|Scripps' team targeting drug addiction memories|
The memories addicts have about taking drugs tend to linger as one of the big hurdles in fighting drug addiction, constantly beckoning an addict to re-experience the highs that got him hooked in the first place. But a team of researchers at Scripps' Florida campus set out to find a drug that could selectively extinguish those memories, and just took a big step toward getting a therapy in the clinic.
A couple of years ago the team led by TSRI Associate Professor Courtney Miller concluded that it was possible to specifically shutter an addict's memories about taking drugs by targeting actin, a protein that plays a key role in memory formation. The problem, they explained, is that actin is also needed for a wide variety of biologic functions, and targeting it would likely kill the patient before he was cured.
Now, they say, they believe they found an ideal target: non-muscle myosin II. And they created a new compound--blebbistatin--to act on the target and selectively extinguish drug-related memories. The drug was recently tested successfully on mouse models for meth addiction, without evidently scrambling other non-drug related memories.

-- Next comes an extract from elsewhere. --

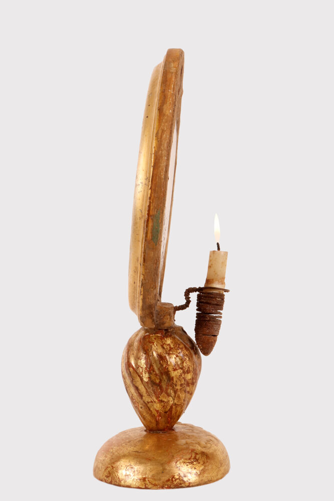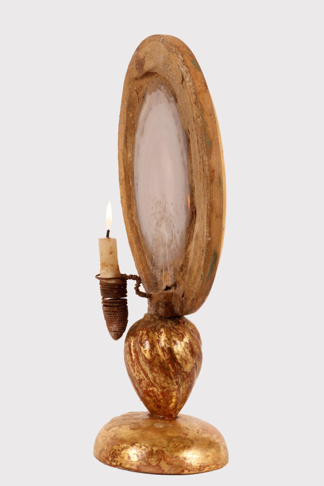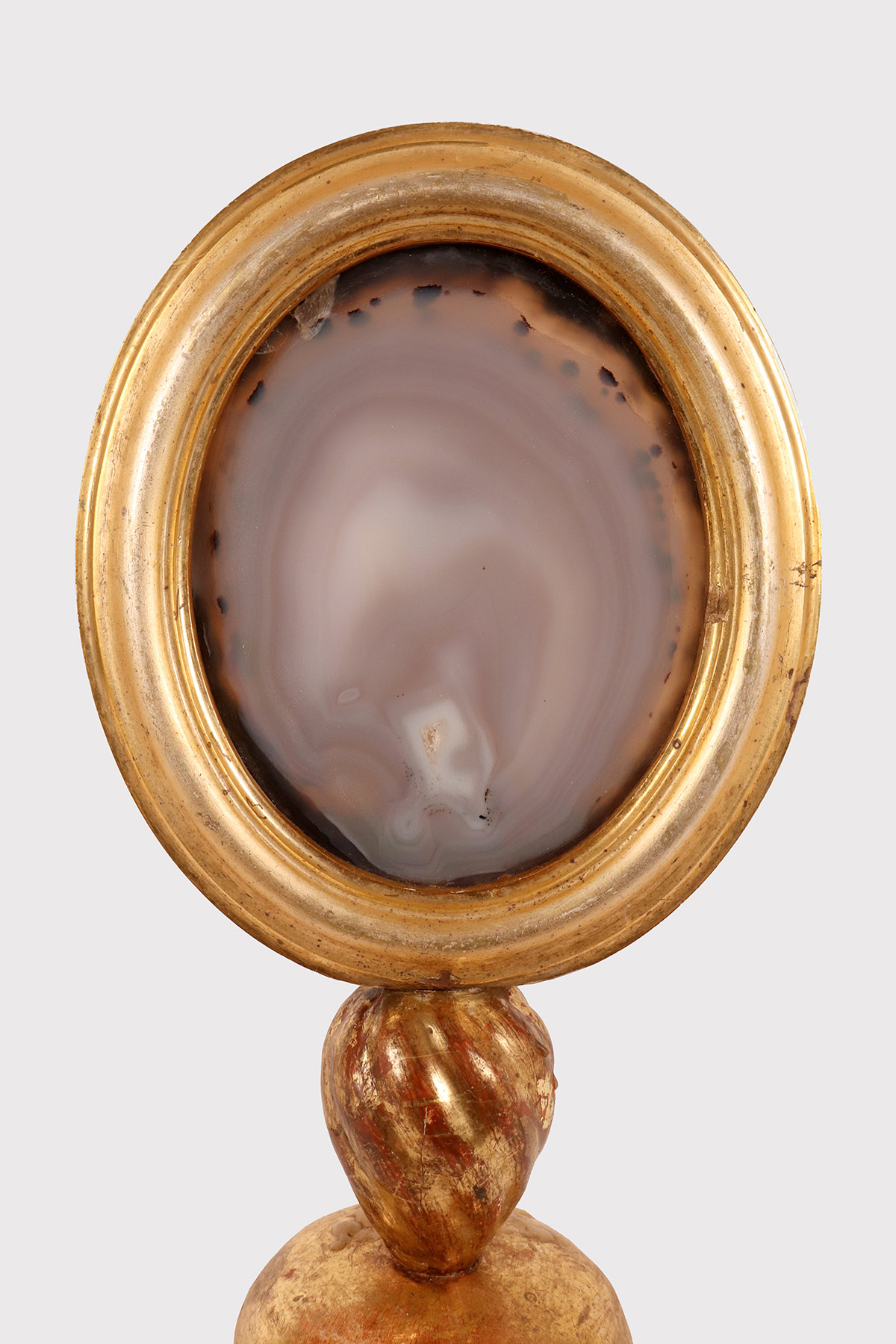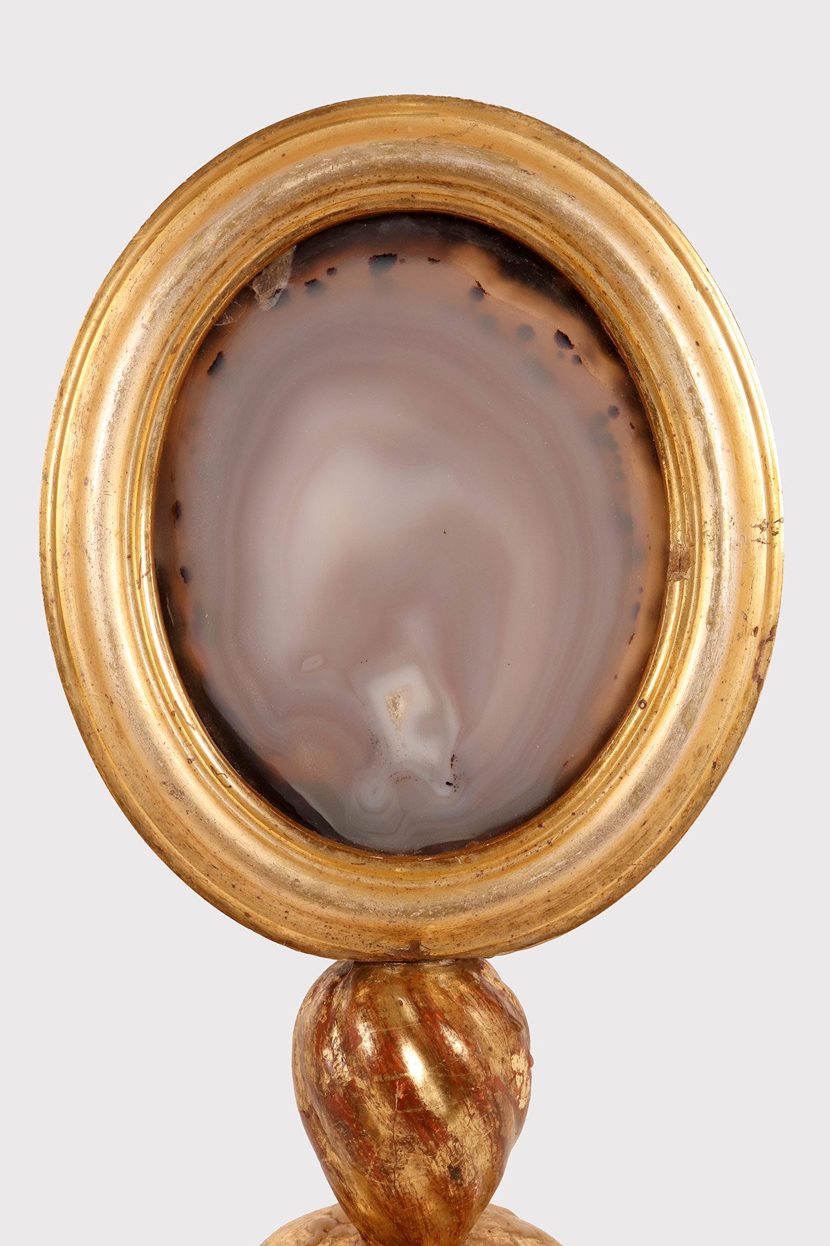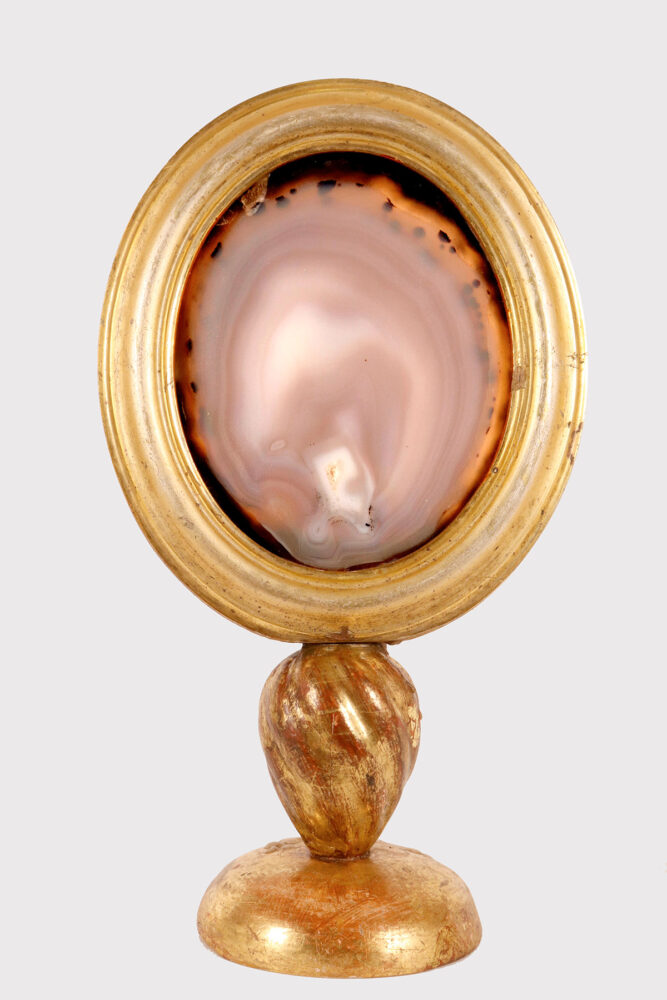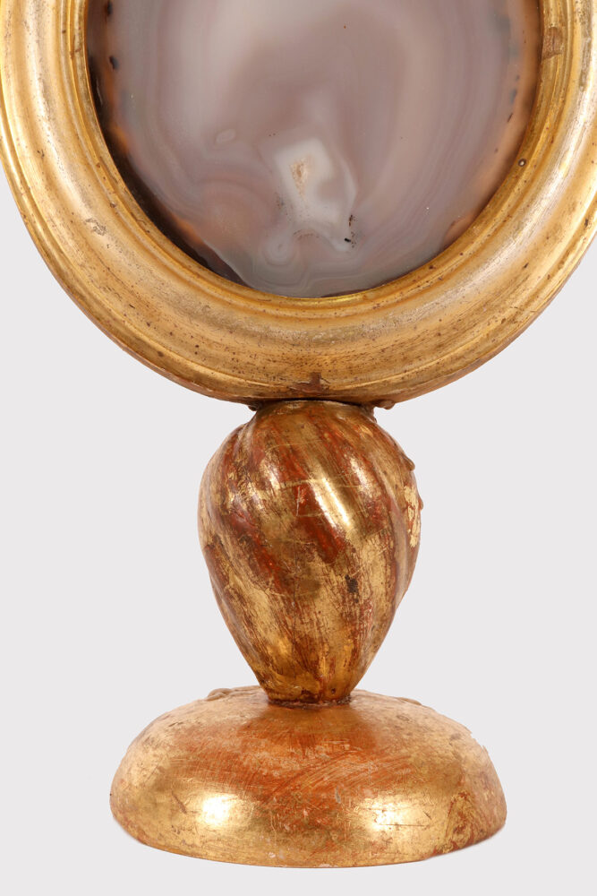 Uno specimen naturale di agata da Wunderkammer montato in una cornice di forma ovale, posizionato su una base in legno dorato, con porta candela. Italia fine XIX secolo.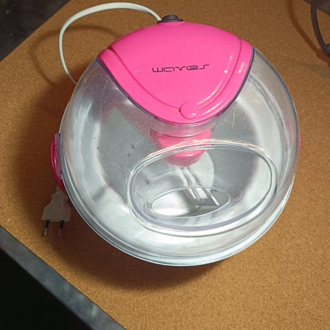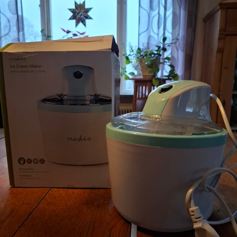 Chill Factor glassmaskin för hemmabruk. Produkten används för att göra glass på ett enkelt sätt utan behov av el. Består av flera delar i plast och är enkel att använda för att snabbt frysa glassmassan.

"We now have a viable target and by blocking that target, we can disrupt, and potentially erase, drug memories, leaving other memories intact," said TSRI Associate Professor Courtney Miller. "The hope is that, when combined with traditional rehabilitation and abstinence therapies, we can reduce or eliminate relapse for meth users after a single treatment by taking away the power of an individual's triggers."
One of the advantages of blebbistatin is that it doesn't have to be injected directly into the brain, allowing for easier administration.
Obviously a drug like this would have to face a long and arduous clinical pathway before anyone could think about prescribing it for humans. But the investigators believe that they're following a promising path.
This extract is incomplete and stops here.